The canonical isomorphism G/(ker φ) ≃+ H induced by a homomorphism φ : G →+ H with a right inverse ψ : H → G.

@[simp]

theorem QuotientGroup.quotientKerEquivOfRightInverse_symm_apply {G : Type u} [Group G] {H : Type v} [Group H] (φ : G →* H) (ψ : H → G) (hφ : Function.RightInverse ψ ⇑φ) (a✝ : H) : (quotientKerEquivOfRightInverse φ ψ hφ).symm a✝ = (mk ∘ ψ) a✝

@[simp]

theorem QuotientAddGroup.quotientKerEquivOfRightInverse_apply {G : Type u} [AddGroup G] {H : Type v} [AddGroup H] (φ : G →+ H) (ψ : H → G) (hφ : Function.RightInverse ψ ⇑φ) (a : G ⧸ φ.ker) : (quotientKerEquivOfRightInverse φ ψ hφ) a = (kerLift φ) a

@[simp]

theorem QuotientGroup.quotientKerEquivOfRightInverse_apply {G : Type u} [Group G] {H : Type v} [Group H] (φ : G →* H) (ψ : H → G) (hφ : Function.RightInverse ψ ⇑φ) (a : G ⧸ φ.ker) : (quotientKerEquivOfRightInverse φ ψ hφ) a = (kerLift φ) a

@[simp]

theorem QuotientAddGroup.quotientKerEquivOfRightInverse_symm_apply {G : Type u} [AddGroup G] {H : Type v} [AddGroup H] (φ : G →+ H) (ψ : H → G) (hφ : Function.RightInverse ψ ⇑φ) (a✝ : H) : (quotientKerEquivOfRightInverse φ ψ hφ).symm a✝ = (mk ∘ ψ) a✝

def QuotientGroup.quotientBot {G : Type u} [Group G] : G ⧸ ⊥ ≃* G

The canonical isomorphism G/⊥ ≃* G.

def QuotientAddGroup.quotientBot {G : Type u} [AddGroup G] : G ⧸ ⊥ ≃+ G

The canonical isomorphism G/⊥ ≃+ G.

@[simp]

theorem QuotientAddGroup.quotientBot_symm_apply {G : Type u} [AddGroup G] (a✝ : G) : quotientBot.symm a✝ = ↑a✝

@[simp]

theorem QuotientGroup.quotientBot_symm_apply {G : Type u} [Group G] (a✝ : G) : quotientBot.symm a✝ = ↑a✝

@[simp]

theorem QuotientAddGroup.quotientBot_apply {G : Type u} [AddGroup G] (a : G ⧸ (AddMonoidHom.id G).ker) : quotientBot a = (kerLift (AddMonoidHom.id G)) a

@[simp]

theorem QuotientGroup.quotientBot_apply {G : Type u} [Group G] (a : G ⧸ (MonoidHom.id G).ker) : quotientBot a = (kerLift (MonoidHom.id G)) a

noncomputable def QuotientGroup.quotientKerEquivOfSurjective {G : Type u} [Group G] {H : Type v} [Group H] (φ : G →* H) (hφ : Function.Surjective ⇑φ) : G ⧸ φ.ker ≃* H

The canonical isomorphism G/(ker φ) ≃* H induced by a surjection φ : G →* H.

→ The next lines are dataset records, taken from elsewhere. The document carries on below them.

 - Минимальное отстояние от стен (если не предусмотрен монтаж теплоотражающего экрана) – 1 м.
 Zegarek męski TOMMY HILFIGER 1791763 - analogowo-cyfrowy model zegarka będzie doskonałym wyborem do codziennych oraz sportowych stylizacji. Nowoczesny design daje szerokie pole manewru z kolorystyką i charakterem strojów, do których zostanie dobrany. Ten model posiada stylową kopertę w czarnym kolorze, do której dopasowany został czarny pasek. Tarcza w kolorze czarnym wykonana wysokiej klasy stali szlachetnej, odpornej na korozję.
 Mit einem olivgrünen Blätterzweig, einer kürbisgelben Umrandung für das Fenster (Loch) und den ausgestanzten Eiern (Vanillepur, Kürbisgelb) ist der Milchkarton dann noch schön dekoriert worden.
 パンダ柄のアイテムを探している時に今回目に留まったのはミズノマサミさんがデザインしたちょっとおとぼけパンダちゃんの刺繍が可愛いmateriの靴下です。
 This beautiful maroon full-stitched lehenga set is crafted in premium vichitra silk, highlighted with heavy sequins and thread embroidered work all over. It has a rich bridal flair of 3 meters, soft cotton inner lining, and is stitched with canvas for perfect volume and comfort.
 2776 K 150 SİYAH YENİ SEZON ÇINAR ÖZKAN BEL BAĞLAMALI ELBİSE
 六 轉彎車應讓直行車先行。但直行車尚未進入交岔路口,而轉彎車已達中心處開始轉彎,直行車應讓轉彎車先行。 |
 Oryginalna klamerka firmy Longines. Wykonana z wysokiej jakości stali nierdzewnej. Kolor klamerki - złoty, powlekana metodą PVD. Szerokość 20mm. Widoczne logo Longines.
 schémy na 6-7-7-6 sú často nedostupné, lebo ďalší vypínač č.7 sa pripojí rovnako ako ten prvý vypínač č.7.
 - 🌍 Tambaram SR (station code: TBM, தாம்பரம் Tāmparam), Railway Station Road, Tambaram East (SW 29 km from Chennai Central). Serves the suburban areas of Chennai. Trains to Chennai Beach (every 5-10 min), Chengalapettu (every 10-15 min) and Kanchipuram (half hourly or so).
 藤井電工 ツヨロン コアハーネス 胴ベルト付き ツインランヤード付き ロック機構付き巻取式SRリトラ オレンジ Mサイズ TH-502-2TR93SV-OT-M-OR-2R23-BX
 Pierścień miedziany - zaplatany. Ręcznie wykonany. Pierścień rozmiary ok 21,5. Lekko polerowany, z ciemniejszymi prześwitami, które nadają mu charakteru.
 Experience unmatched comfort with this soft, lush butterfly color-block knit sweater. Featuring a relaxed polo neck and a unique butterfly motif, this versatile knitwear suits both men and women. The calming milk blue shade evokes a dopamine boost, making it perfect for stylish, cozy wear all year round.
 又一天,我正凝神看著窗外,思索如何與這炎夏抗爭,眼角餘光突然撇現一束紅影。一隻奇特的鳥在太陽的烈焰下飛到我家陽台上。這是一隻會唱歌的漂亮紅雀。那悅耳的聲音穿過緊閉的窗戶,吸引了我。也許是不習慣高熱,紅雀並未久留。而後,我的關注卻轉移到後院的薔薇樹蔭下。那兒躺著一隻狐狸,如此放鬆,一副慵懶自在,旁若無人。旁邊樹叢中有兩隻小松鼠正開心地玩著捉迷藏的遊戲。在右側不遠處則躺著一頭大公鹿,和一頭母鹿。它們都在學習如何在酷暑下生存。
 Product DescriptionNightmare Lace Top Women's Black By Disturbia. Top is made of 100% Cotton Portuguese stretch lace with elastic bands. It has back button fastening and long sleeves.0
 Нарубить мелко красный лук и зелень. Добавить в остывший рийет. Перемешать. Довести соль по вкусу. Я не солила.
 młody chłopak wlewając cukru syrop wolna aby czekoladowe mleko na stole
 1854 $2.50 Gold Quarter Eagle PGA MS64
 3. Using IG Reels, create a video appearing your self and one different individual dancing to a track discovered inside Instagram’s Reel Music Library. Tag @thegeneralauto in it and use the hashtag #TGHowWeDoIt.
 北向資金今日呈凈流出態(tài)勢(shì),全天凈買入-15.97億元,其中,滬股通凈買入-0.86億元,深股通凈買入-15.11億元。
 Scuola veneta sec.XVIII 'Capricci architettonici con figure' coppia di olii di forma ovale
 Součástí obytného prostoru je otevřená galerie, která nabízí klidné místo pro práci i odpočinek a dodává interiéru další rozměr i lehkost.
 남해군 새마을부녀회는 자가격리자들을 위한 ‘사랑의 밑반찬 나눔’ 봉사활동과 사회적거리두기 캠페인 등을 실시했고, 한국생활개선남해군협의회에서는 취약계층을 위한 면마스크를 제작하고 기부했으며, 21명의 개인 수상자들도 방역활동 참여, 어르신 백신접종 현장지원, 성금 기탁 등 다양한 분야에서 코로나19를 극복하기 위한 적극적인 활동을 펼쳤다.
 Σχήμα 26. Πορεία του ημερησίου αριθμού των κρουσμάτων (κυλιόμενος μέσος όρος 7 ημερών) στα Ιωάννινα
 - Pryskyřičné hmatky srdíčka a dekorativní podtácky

For a computable version, see QuotientGroup.quotientKerEquivOfRightInverse.

noncomputable def QuotientAddGroup.quotientKerEquivOfSurjective {G : Type u} [AddGroup G] {H : Type v} [AddGroup H] (φ : G →+ H) (hφ : Function.Surjective ⇑φ) : G ⧸ φ.ker ≃+ H

The canonical isomorphism G/(ker φ) ≃+ H induced by a surjection φ : G →+ H. For a computable version, see QuotientAddGroup.quotientKerEquivOfRightInverse.

def QuotientGroup.quotientMulEquivOfEq {G : Type u} [Group G] {M N : Subgroup G} [M.Normal] [N.Normal] (h : M = N) : G ⧸ M ≃* G ⧸ N

If two normal subgroups M and N of G are the same, their quotient groups are isomorphic.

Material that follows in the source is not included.